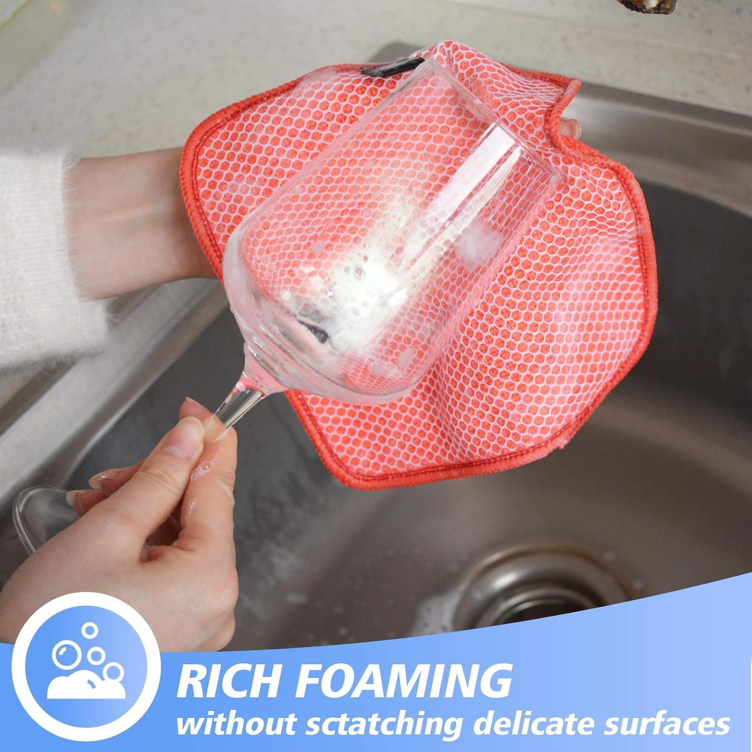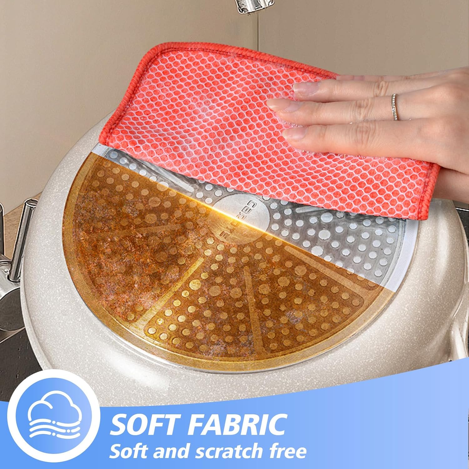 - DISH RAGS FOR KITCHEN CLEANING WITH POLY SCOUR SCRUBBING SIDE: One side is microfiber and the other side is mesh. The microfiber side works well at getting finger spots off the stainless steel appliances and the glass front of fridge or stove, microwave; the scrubby side is good for cleaning stuck on food without having to grab your scraper and does not scratch delicate surfaces either
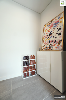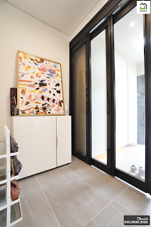 갤러리 같은 느낌을 연출하기에 적합한 내부 전실 공간이 마련되어 있으며, 3연동 슬라이딩 중문이 설치되어 냉방 소음 등으로 차단됩니다. 풋 등이 제작된 상하식 수납장은 많은 신발을 넣기에 전혀 부족하지 않은 4도어입니다.현관 주차장
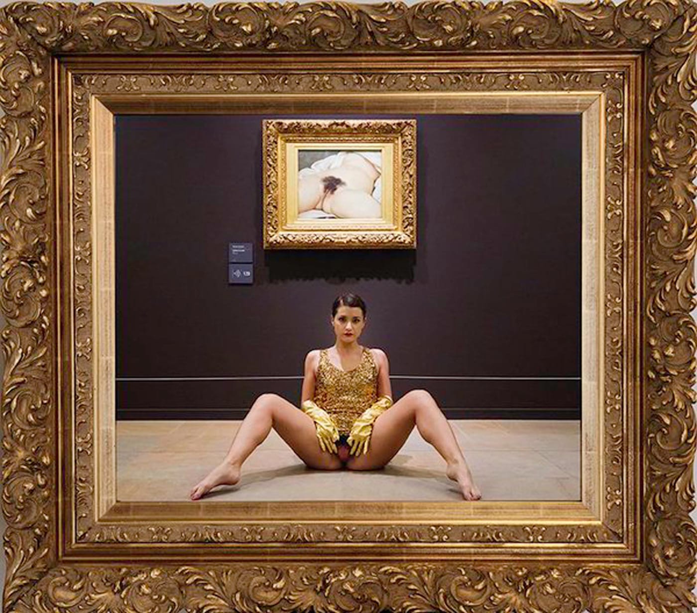 De Robertis’s “Ma chatte, mon copyright” performance also follows her pink masterpiece (so far): the conceptually focused feminist performance “Mirror of Origin” (2014) where she exposed her genitals seated on the floor in front of Gustave Courbet’s “L’Origine du monde” (The Origin of the World, 1866) at the Musée d’Orsay, mimicking the painting’s exposure of the genitals of a woman. She was arrested for that performance as well.
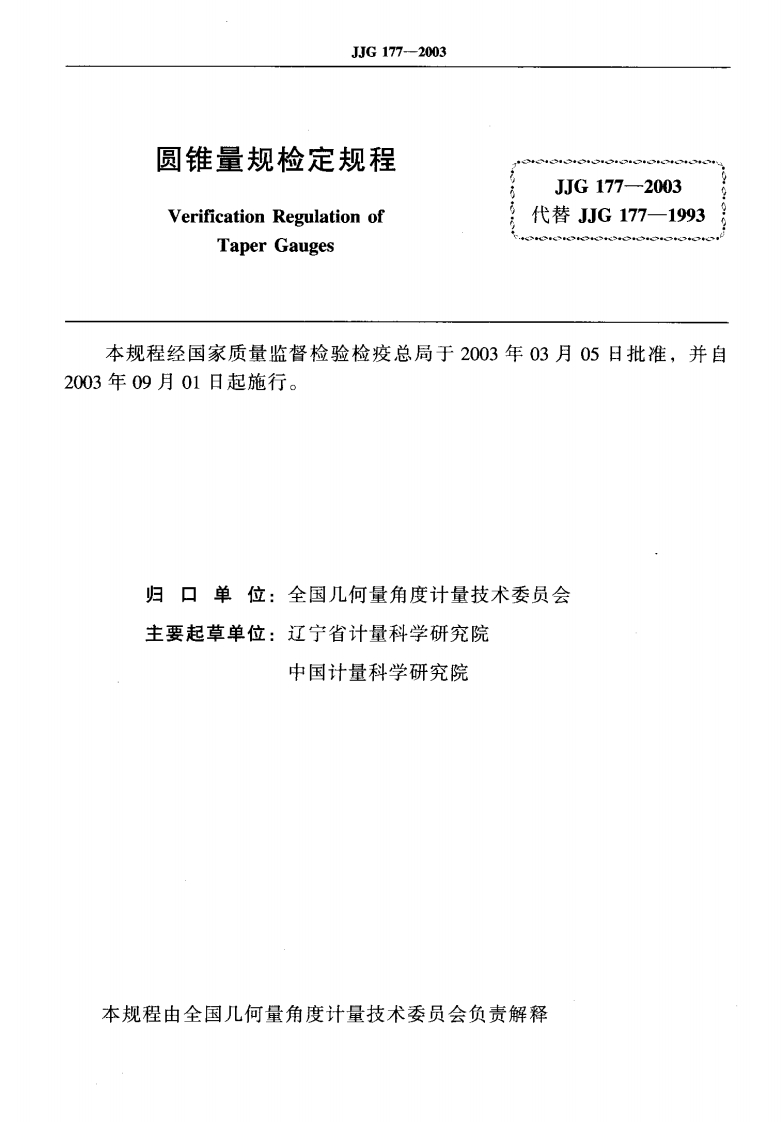 JJG177-2003圆锥量规348072@abc4个月前发布关注私信0.48MB20页041JJG177-2003圆锥量规此内容为付费资源,请付费后查看¥16¥23黄金会员免费钻石会员免费立即购买您当前未登录!建议登陆后购买,可保存购买订单付费资源 第1页 / 共20页 第2页 / 共20页 试读已结束,还剩18页,您可下载完整版后进行离线阅读 THE END标准规范 文本预览 可可G中华人民共和国国家计量检定规程JJG177-2003圆锥量规Taper Gauges2003-03-05发布2003-09-01实施国家质量监督检验检疫总局发布 查看更多 收起部分 喜欢就支持一下吧收藏
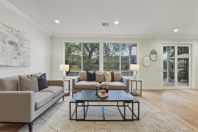 Rare opportunity to own a fully renovated 5-bedroom golf course home with unobstructed fairway and mountain views in the highly desirable Twin Oaks Valley community. Enjoy scenic views from nearly every main living space, including the primary suite, family room, living room, dining area, and gourmet kitchen—creating a seamless indoor-outdoor living experience. Thoughtfully redesigned with modern finishes, the home features white cabinetry, natural stone countertops, GE Profile appliances, new engineered wood flooring, designer tile, remodeled bathrooms, and contemporary lighting throughout. The fifth bedroom shown in public records is currently configured as a second-floor loft, offering flexible space for a home office, playroom, or additional living area, and can easily be converted back if desired. Located in one of San Marcos’ most desirable golf course neighborhoods with low HOA that includes access to a community pool and playground, this move-in-ready home offers peaceful golf course living while remaining conveniently close to schools, shopping, dining, and major freeways. Thoughtfully redesigned with modern finishes, the home features white cabinetry, natural stone countertops, GE Profile appliances, new engineered wood flooring, designer tile, remodeled bathrooms, and contemporary lighting throughout.
--
Required work | Set the entries down again exactly. Do not include the images.

Result |
 - DISH RAGS FOR KITCHEN CLEANING WITH POLY SCOUR SCRUBBING SIDE: One side is microfiber and the other side is mesh. The microfiber side works well at getting finger spots off the stainless steel appliances and the glass front of fridge or stove, microwave; the scrubby side is good for cleaning stuck on food without having to grab your scraper and does not scratch delicate surfaces either
 갤러리 같은 느낌을 연출하기에 적합한 내부 전실 공간이 마련되어 있으며, 3연동 슬라이딩 중문이 설치되어 냉방 소음 등으로 차단됩니다. 풋 등이 제작된 상하식 수납장은 많은 신발을 넣기에 전혀 부족하지 않은 4도어입니다.현관 주차장
 De Robertis’s “Ma chatte, mon copyright” performance also follows her pink masterpiece (so far): the conceptually focused feminist performance “Mirror of Origin” (2014) where she exposed her genitals seated on the floor in front of Gustave Courbet’s “L’Origine du monde” (The Origin of the World, 1866) at the Musée d’Orsay, mimicking the painting’s exposure of the genitals of a woman. She was arrested for that performance as well.
 JJG177-2003圆锥量规348072@abc4个月前发布关注私信0.48MB20页041JJG177-2003圆锥量规此内容为付费资源,请付费后查看¥16¥23黄金会员免费钻石会员免费立即购买您当前未登录!建议登陆后购买,可保存购买订单付费资源 第1页 / 共20页 第2页 / 共20页 试读已结束,还剩18页,您可下载完整版后进行离线阅读 THE END标准规范 文本预览 可可G中华人民共和国国家计量检定规程JJG177-2003圆锥量规Taper Gauges2003-03-05发布2003-09-01实施国家质量监督检验检疫总局发布 查看更多 收起部分 喜欢就支持一下吧收藏
 Rare opportunity to own a fully renovated 5-bedroom golf course home with unobstructed fairway and mountain views in the highly desirable Twin Oaks Valley community. Enjoy scenic views from nearly every main living space, including the primary suite, family room, living room, dining area, and gourmet kitchen—creating a seamless indoor-outdoor living experience. Thoughtfully redesigned with modern finishes, the home features white cabinetry, natural stone countertops, GE Profile appliances, new engineered wood flooring, designer tile, remodeled bathrooms, and contemporary lighting throughout. The fifth bedroom shown in public records is currently configured as a second-floor loft, offering flexible space for a home office, playroom, or additional living area, and can easily be converted back if desired. Located in one of San Marcos’ most desirable golf course neighborhoods with low HOA that includes access to a community pool and playground, this move-in-ready home offers peaceful golf course living while remaining conveniently close to schools, shopping, dining, and major freeways. Thoughtfully redesigned with modern finishes, the home features white cabinetry, natural stone countertops, GE Profile appliances, new engineered wood flooring, designer tile, remodeled bathrooms, and contemporary lighting throughout.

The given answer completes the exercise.